The things that amazed us, was what was hard, was harder than expected. But what was good, was beyond what we ever could have imagined. We found ourselves sort of blindsided in some less than straight forward dealings in Don's business, but blessed beyond measure by the people who lovingly befriended us. Some of the foods we were used to were either very expensive or we couldn't find it (do NOT buy jicama in Hawaii. Don't say I didn't warn you), but we indulged endlessly
in fresh papaya, oyster mushrooms, and fish like monchong, opah, ono, and mahi mahi so fresh that it hadn't even been missed by its fishy friends yet. We didn't make it into the water as often as I hoped, but every day off was a little Maui vacation. And then there is the weather. And the snorkeling. And weather. And the trees. And the weather. And the whales. oh, and the WEATHER!! People think that perfection can be monotonous. To them I say.....go ahead, BORE ME!!!!

So, when we left, it was by far the hardest thing we have ever done. There was no choice. But then again, if God had simply asked us if we wouldn't mind leaving this place and people we love to return to a place that makes me nuts for an indefinite period of time for an unknown reason, would either of us popped up and said, "Here are we, Lord! Send us!" ? I don't think so. We are humbled to know so many who have done just such things in service to God, but we needed more...convincing.

But, lest you think we've been all in sackcloth and ashes, we have not. We have been to weddings, a graduation, a funeral, and a getaway. We have traveled within our trip, and have had multiple mini-adventures within this bigger one. But, by far and a way, the biggest treat and consolation has been the time with family here. Okay. Let's be real. The grandbabies. Yeah, yeah, our kids are awesome and all, but the have been walking and talking for quite some time and I fear may have already peaked on the cuteness scale. Josh and Amber have areas of cute they haven't even discovered yet! Amber is losing her baby roundness and showing signs of being the same lovely woman as her mother - but is every bit the little pistol as her dad. Joshua is getting funnier every day, and has become this jock of the toddler set, loving to throw anything that even slightly resembles a ball and also loves to jump into loving arms at the pool or off the couch. We all need to take turns at that one. After Josh's last visit to the pool with Grammy and Grampy, poor Grammy and Grampy needed a jacuzzi-y.
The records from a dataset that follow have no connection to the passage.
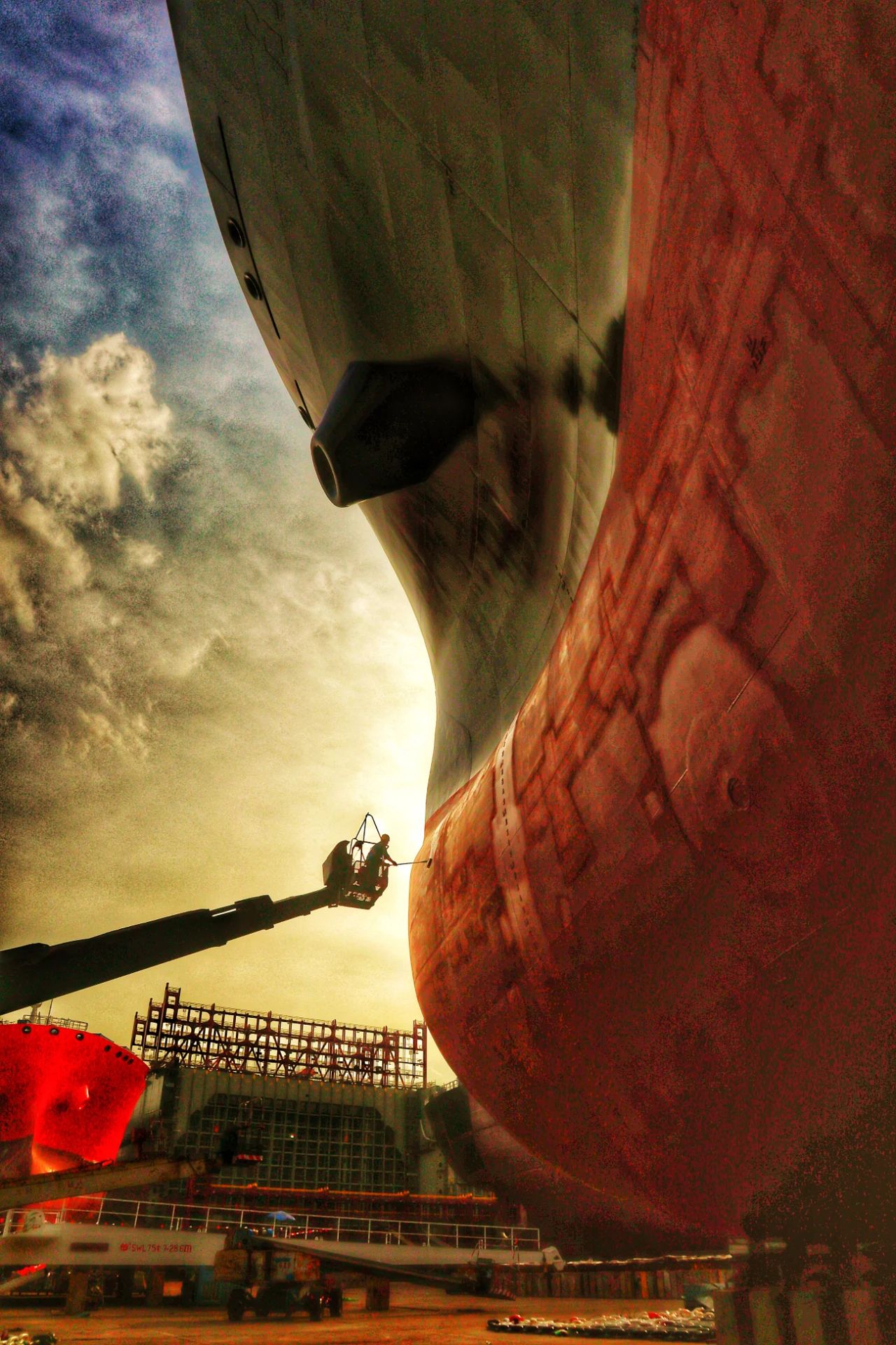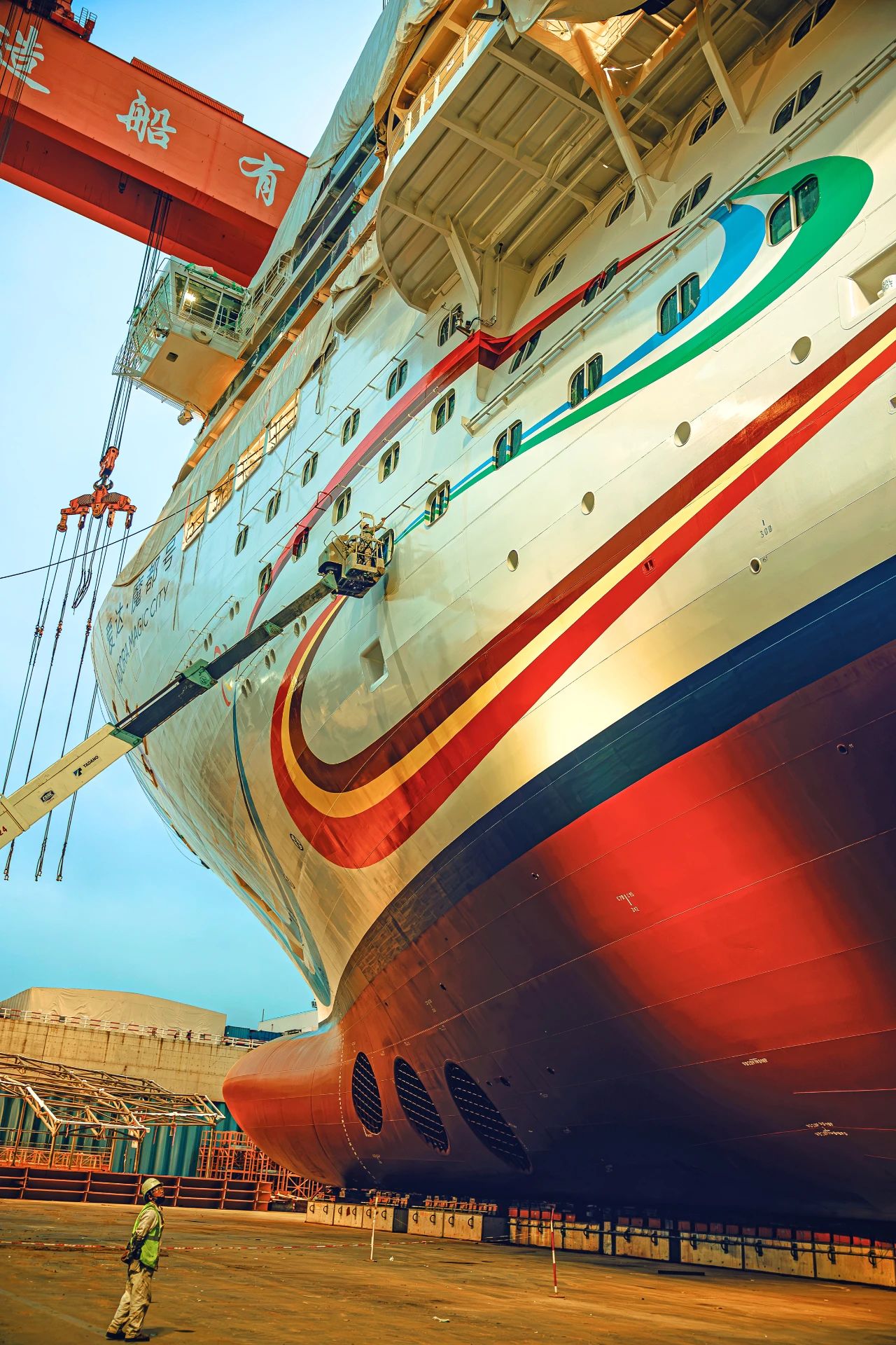 照片攝于國產(chǎn)首艘大型郵輪首次出塢前夕,拍攝時(shí)期為傍晚,船塢開啟燈光照明,工人在對(duì)船身做最后的涂裝修飾工作。這樣的角度觀看國產(chǎn)首艘大型郵輪令人無比震撼。
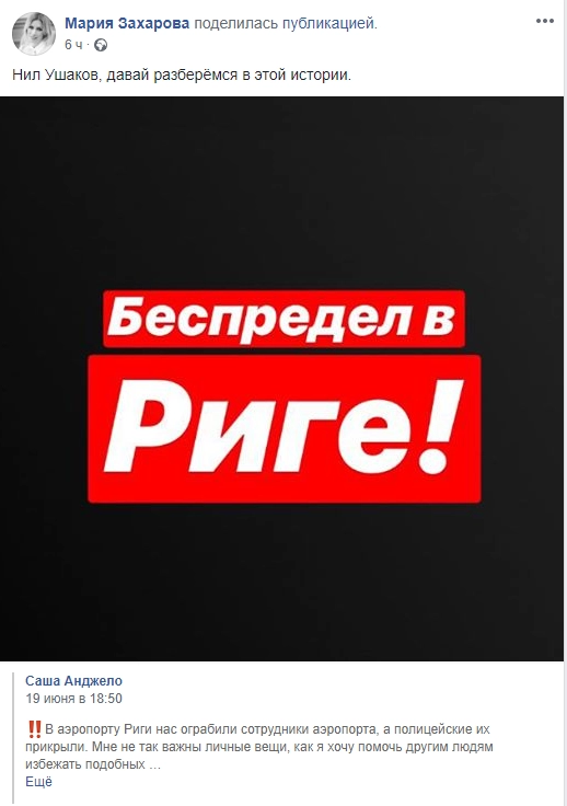 Мария Захарова на своей странице в Facebook попросила Ушакова обратить внимание на этот случай.
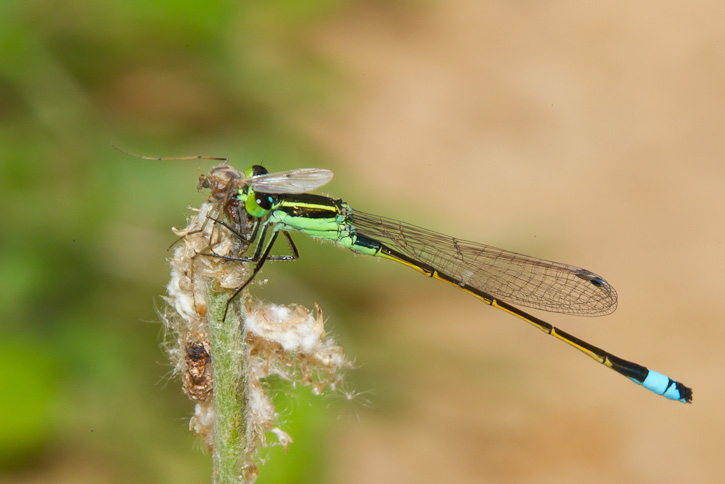 | Rambur's Forktail Ischnura ramburii young female with an Argia species as prey Hornsby Bend, Austin, Travis Co., Texas 20 April 2013 |

But hearing them squeal their excitement every time we show up (talk about an ego boost!) brings us great joy. The fun thing is that once we return to Maui, we still get to see them on skype and they can squeal online!! And blow out speakers!!!

So, at this anniversary, how do we feel looking back? Believe it or not, we wouldn't change a thing. Missteps that we may have made, we won't make again. The painful separation only makes us appreciate those folks more. And we pray, above all, that what we have gone through and how God has been there ALWAYS, will serve as a witness to God's abundant love and mercy. Just like any parent, our Heavenly Father's love sometimes means disappointment and pain for His children - but it is never, ever capricious or mean-spirited. God has a way of pushing us to the wall to show that we don't do this ourselves. What God can do compared to what we can do is like comparing Michaelangelo's David to a preschooler's sugar and flour relief map of Nebraska. Please do not read this as a glowing testimony of Don''s and my endlessly smiling Hallmark channel faith. uh-uh. I struggle with doubt, meltdowns, hissy fits, fears, ya-gotta-be-kiddin'-God moments, and trying to give God advice.

When are we going back? As I told a young friend who asked that very question, perhaps soon, but when God is your travel agent, you had just be ready to go on very short notice. Just ask the Israelites. So, we pray for the Lord to let us go back home to Maui. And waiting, again, for God to say "yes."